* [Work request] Each line of the data below from the one holding "白天不懂夜的黑下一句押韵(白天不懂夜的黑下一句)" to the one holding "2024秋上册六年级数学苏教版 口算计算专练 第3周", inclusive, is to be reproduced exactly; no other line belongs in the answer.

* [The records]
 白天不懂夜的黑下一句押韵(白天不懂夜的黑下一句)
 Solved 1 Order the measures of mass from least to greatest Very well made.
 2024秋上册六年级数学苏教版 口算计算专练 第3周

* * *

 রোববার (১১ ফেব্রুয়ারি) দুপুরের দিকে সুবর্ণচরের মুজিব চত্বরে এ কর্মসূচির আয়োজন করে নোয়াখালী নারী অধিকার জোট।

* [Response to this exercise]
 白天不懂夜的黑下一句押韵(白天不懂夜的黑下一句)
 Solved 1 Order the measures of mass from least to greatest Very well made.
 2024秋上册六年级数学苏教版 口算计算专练 第3周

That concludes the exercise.